The agency kicked off the year by entering into a $475,000 resolution agreement with Presence Health. Unlike past agreements that settled potential violations of the HIPAA Privacy and Security Rules, the Present Health resolution represented the OCR’s first agreement to resolve potential violations of the HIPAA Breach Notification Rule. Presence failed to notify the OCR, affected individuals, and the media that paper-based operating schedules containing the protected health information (PHI) of 836 individuals had gone missing in the statutorily-required 60-day timeline for breaches affecting more than 500 individuals; instead, it waited more than 100 days.

Eight days later, the OCR announced a $2.2 million resolution agreement with MAPFRE Life Insurance Company of Puerto Rico for Security Rule violations affecting the data of 2,209 individuals. The OCR determined that MAPFRE failed to perform a risk analysis, implement risk management plans, and encrypt data stored in removable storage media led to a breach caused when a thief stole a USB data storage device containing electronic PHI (ePHI).

In early February, the OCR announced that it had issued a final determination and imposed a $3.2 million CMP on Children’s Medical Center of Dallas due to a pattern of noncompliance with the Security rule. Children’s suffered a breach in 2010 due to the loss of an unencrypted, non-password-protected BlackBerry device containing the ePHI of 3,800 individuals.  It suffered a second breach in 2013; despite the first breach, Children’s had failed to encrypt a laptop containing the ePHI of 2,462 individuals that was later stolen. The agency determined that the CMP was merited based on Children’s failure to implement risk management plans, in contravention of prior recommendations to do so, and its failure to encrypt mobile devices, storage media, and workstations. The OCR also imposed CMPs against Lincare, Inc., a home health company, in 2016 and against Cignet Health in Prince George’s County, Maryland, in 2011.

The agency stepped up enforcement efforts in 2016, in part due to negative reports regarding its performance from the HHS OIG and the Government Accountability Office (GAO).
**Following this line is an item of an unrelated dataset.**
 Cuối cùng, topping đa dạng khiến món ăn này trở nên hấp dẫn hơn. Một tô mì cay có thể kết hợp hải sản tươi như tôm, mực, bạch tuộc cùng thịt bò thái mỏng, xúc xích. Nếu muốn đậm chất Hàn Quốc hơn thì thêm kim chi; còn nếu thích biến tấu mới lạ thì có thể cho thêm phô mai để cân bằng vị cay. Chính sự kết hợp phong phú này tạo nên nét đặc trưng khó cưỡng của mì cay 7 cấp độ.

It began the Phase 2 audit process, targeting both CEs and BAs, and announced its intention to allocate resources for the first time to investigate complaints of breaches affecting 500 individuals or fewer. It appears geared to continue, if not ramp up, its enforcement efforts, but the impact of newly appointed HHS Secretary Thomas E. Price, M.D.–who will appoint a new OCR director–remains to be seen. Price, a physician and former Congressional representative has historically opposed government regulatory activity of physicians. However, Adam H. Greene, Partner at Davis Wright Tremaine, suggests that, although Price the physician may dislike HIPAA, “his personal views will [not] necessarily lead to a significant change in enforcement.”